No Christian presents their views through government – that’s why we are all crazy about apologetics. We love apologetics as much as secular leftists love big government. At least apologetics is non-coercive he says. But when atheists enforce their view through big government, backed by prisons and guns, that is coercive. His arguments about demographics, and being willing to marry, have kids for the good of society are terrific to illustrate the value of self-sacrifice within the Christian worldview. Far from being a liability, devotion to small government, low taxes and individual liberty is actually an asset when evangelizing. Just as pious pastors are all rushing to join the open borders, global warming, single-payer health care, radical feminism team, we find out that principled atheists are uncomfortable with many of those things. Maybe we should take note of that, instead of just blindly following the crowd.

Have a look at this video, and put THIS apologetic argument into your quiver. There is much, much more to evangelism and apologetics than what you read in books on apologetics. And this is why I work so hard to connect the Christian worldview to every other area of knowledge. You don’t always have to talk about old, boring William Lane Craig style apologetics with atheists. Sometimes, you can just talk to them about tax policy and free speech. Why not? Atheists are sometimes complicated people.

5 thoughts on “Stefan Molyneux: “why I was wrong about atheists””

  1. He gives great, candid analysis. His video on why he rejects Christianity shows that he has not had the true Gospel presented to him, like so many unbelievers. That is the fault of us all, but mainly of popular preachers who do not present the actual Gospel.


  2. It is a good idea. Basically connect and listen to people. Each person is different and you can do a witness in a different way depending on the individual.

    Christianity encompasses all areas of our life so there are many proofs of it


  3. Have you ever read Douglas Murray “The Strange Death of Europe”? He is also an atheist who sees the collapse of Faith leading to a collapse of Europe.
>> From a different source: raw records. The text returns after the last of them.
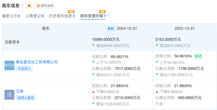 2022年6月,星迈达增资入主双星名人集团,一举成为控股股东;2024年5月再度加码,持股比例升至69.48%。汪海退至第二大股东,持股21.88%。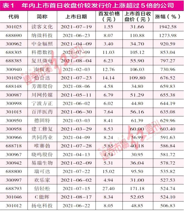 其實(shí),不僅僅是科創(chuàng)板公司存在低價(jià)發(fā)行情況,即使是創(chuàng)業(yè)板甚至主板市場(chǎng)今年以來(lái)也相繼發(fā)生過(guò)超低價(jià)發(fā)行案例。在創(chuàng)業(yè)板公司【讀客文化(301025)、股吧】(301025)的詢價(jià)過(guò)程中,10096個(gè)配售對(duì)象中有655個(gè)報(bào)價(jià)1.55元,最終公司以此定價(jià)。7月19日上市首日,公司股價(jià)報(bào)收于31.66元,漲幅高達(dá)1942.58%,若中一簽,上市首日就可獲得1.51萬(wàn)元的浮盈。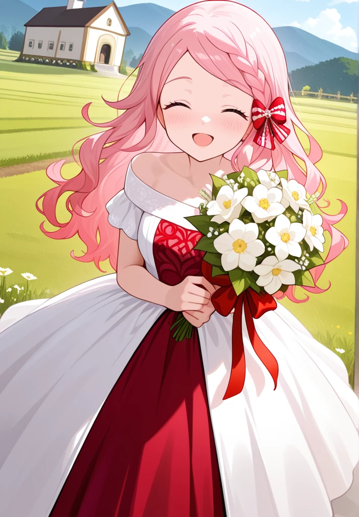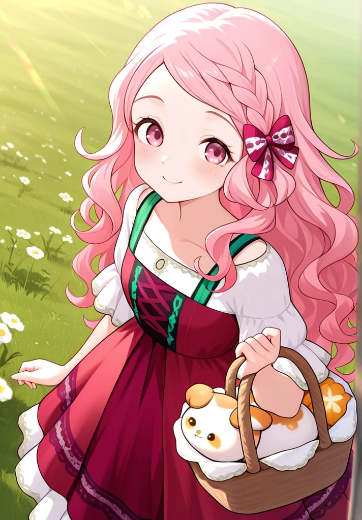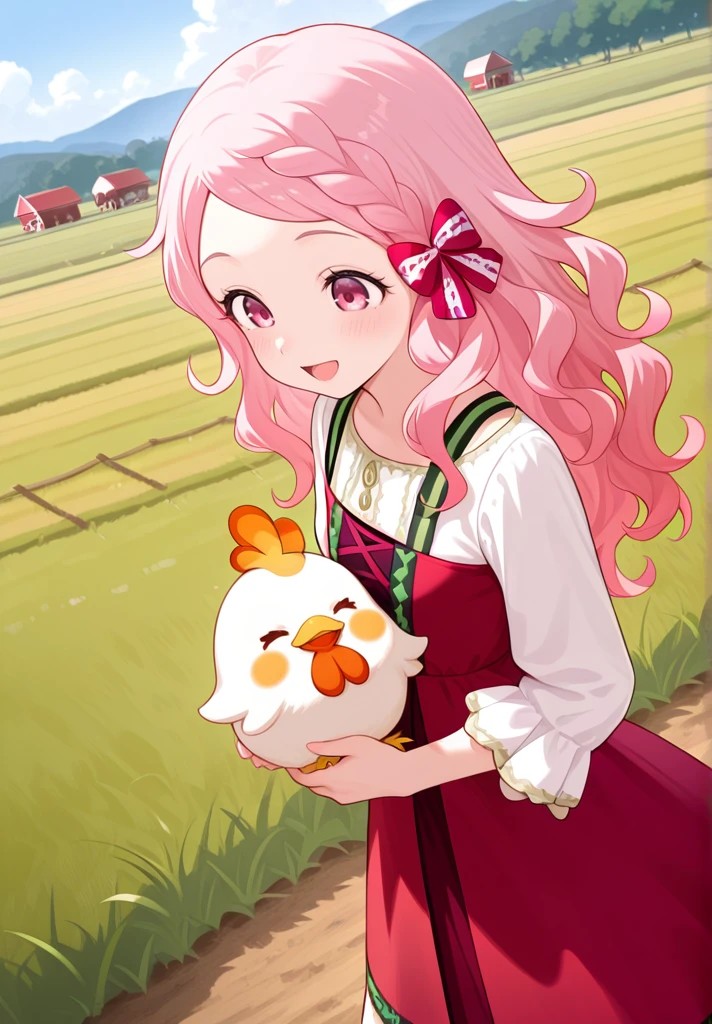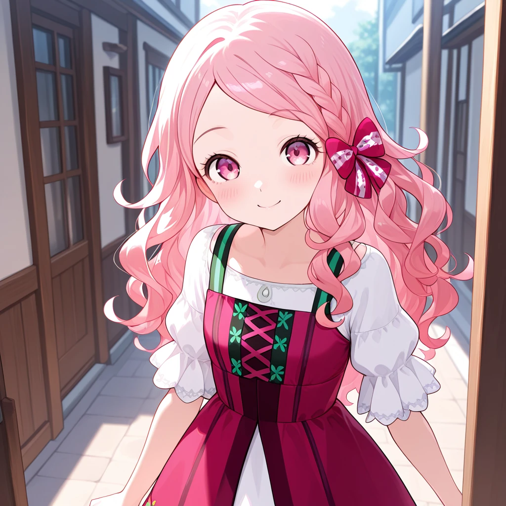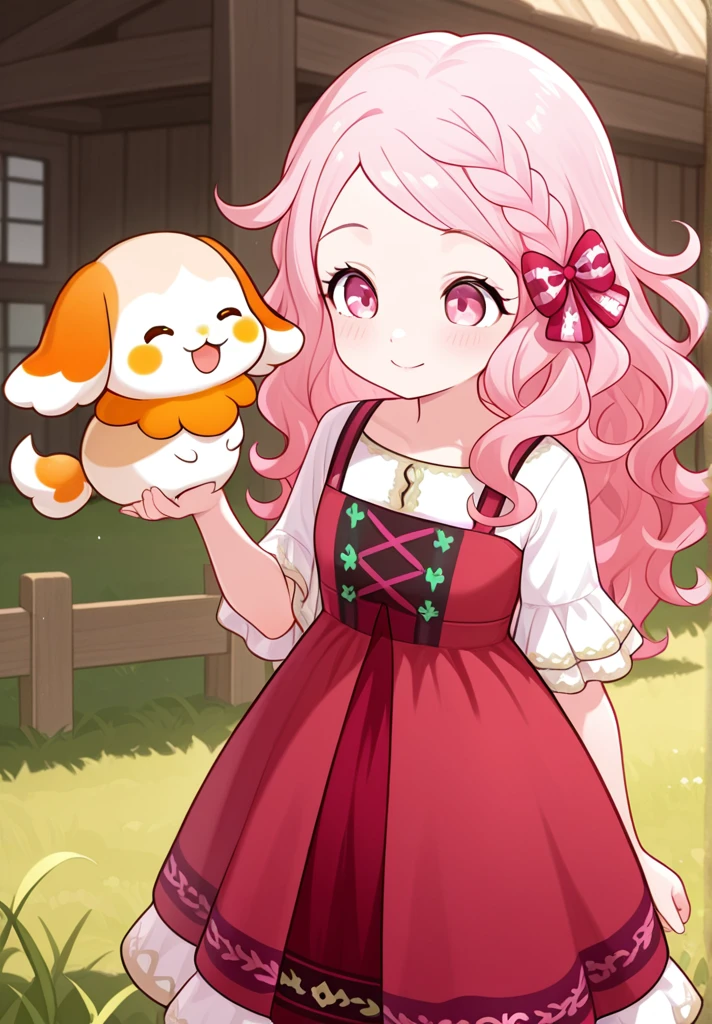 1girl, pink hair, braid, long hair, potpourri, red dress, pink eyes, bow, hair bow, wavy hair, ribbon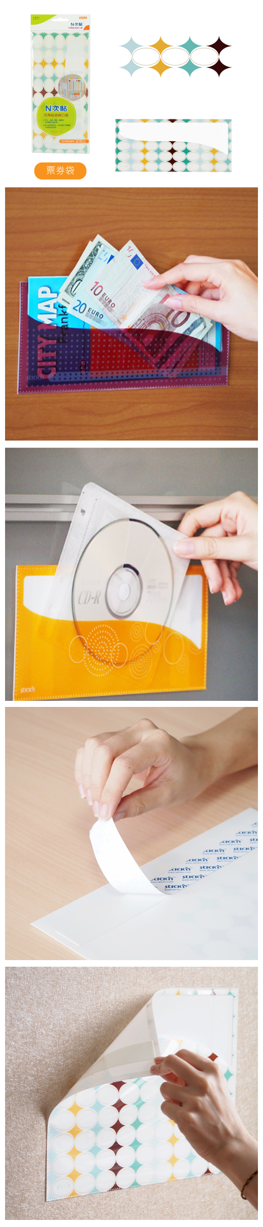 ◎品 名:N次貼 67004 可再貼收納口袋(票券袋),彩圈 105x213mm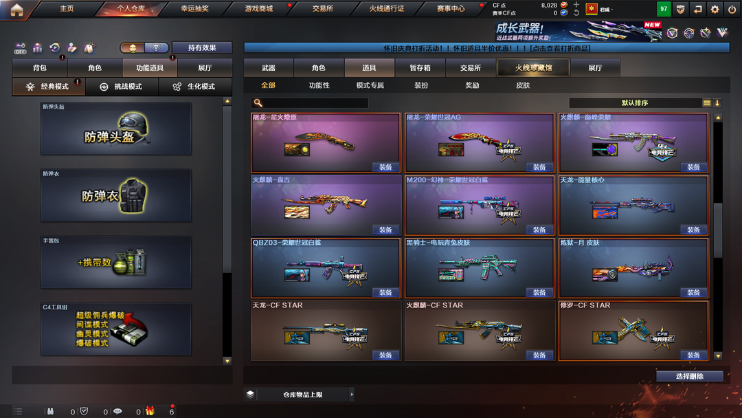 2把蝴蝶刀6盘6烈炼狱带皮肤异变清道夫巅峰荣耀幻神+巅峰荣耀火麒麟白虎之魄4字ID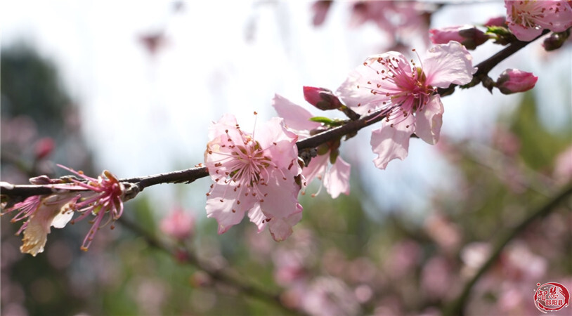 走进桃园,放眼望去,连片桃园如同粉色花海,深浅交错的桃花或含苞待放,或肆意盛开,粉红相间的花瓣娇嫩欲滴。花间,蜜蜂轻舞,微风轻拂,花枝摇曳,花香沁人心脾。错落有致的桃林顺着山势铺展,与周边的青山、农田交织,尽显乡村春日的静谧与灵动,一步一景皆是诗情画意。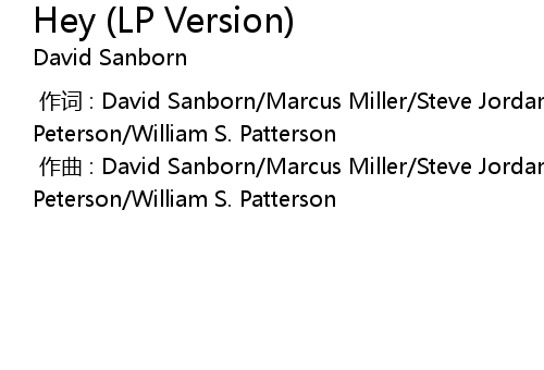 | [00:00.000] | zuo qu : David Sanborn Marcus Miller Steve Jordan Ricky Peterson William S. Patterson |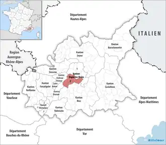 - ↑ Nur der südwestliche Teil der Gemeinde, der Rest gehört zum Kanton Digne-les-Bains-1.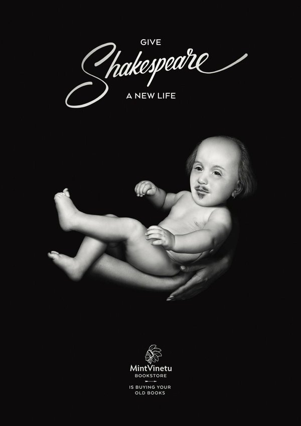 Реклама книжного магазина «Mint Vinetu» в Вильнюсе с призывом покупать книги известных авторов, давая тем самым им новую жизнь.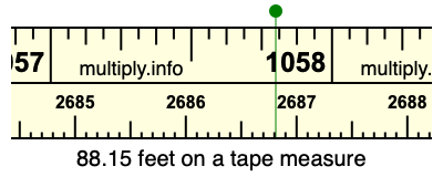 88.15 feet times 12 equals 1057.8 inches. Therefore, 88.15 feet is at the 1057.8 inches place on the tape measure, as displayed below.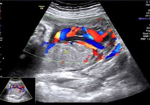 声像图示:脐带帆状插入胎盘并血管前置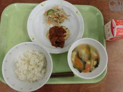 献立は「ごはん、豆腐入りハンバーグ、こんにゃくサラダ、みそ汁、牛乳」です。

  4. Building bridges is generally a great idea (it’s one of the two major paradigms that I have as an apologist). Being an engineer, I use engineer metaphors (“Building Bridges”, “Removing Roadblocks”).

    On your other points:
    In the churches that I’ve been to, the congregation has (more or less) told the pastor to stick to preaching of spiritual virtues/values and to stay out of talking about politics. Some churches I see, there definitely heavy activities by the SJW’s (yes, left-leaning causes).

    Even on facebook, for whatever reason, I do get a lot of friends that post about SJW causes: allowing illegal immigrants, wholesale allowing refugees without being discerning, involuntary redistribution of wealth. IMHO, I also think there’s a lot of confusion between individual/personal responsibility, the responsibility of believers, and government responsibility.

    Podcasts and sermons I listen to online or over the radio, some pastors do address political issues, including the economy. I’ve had some seminary professors who also were knowledgeable about some of these matters and at least pointed me in the right direction (of materials to read) and/or help me think about assumptions and provide a framework to think about these subjects.

    For instance, from a Christian point of view, would we agree with assumptions that human nature is inherently good (i.e., people generally tend to do the right thing and what is best for everyone — and that crimes are rare/uncommon and are lapses of judgment or emotion?) or neutral (that we just need mechanisms to encourage right behaviors and restraint of wrong behaviors)? Or perhaps people are more inclined to be selfish and self-centered, choosing what is best for them and not necessary what is best for others?

    [e.g., Seminary profs pointed me to some combination of Augustine’s “City of God”, John Calvin’s “Institutes of the Christian Religion,” John Locke’s various works — to understand libertarianism and its assumptions, various books on ethics and virtue ethics, Christian analyses on the U.S. Constitution and Amendments, John Stapleford’s “Bears, Bulls, and Golden Calves” regarding economics, and so on.]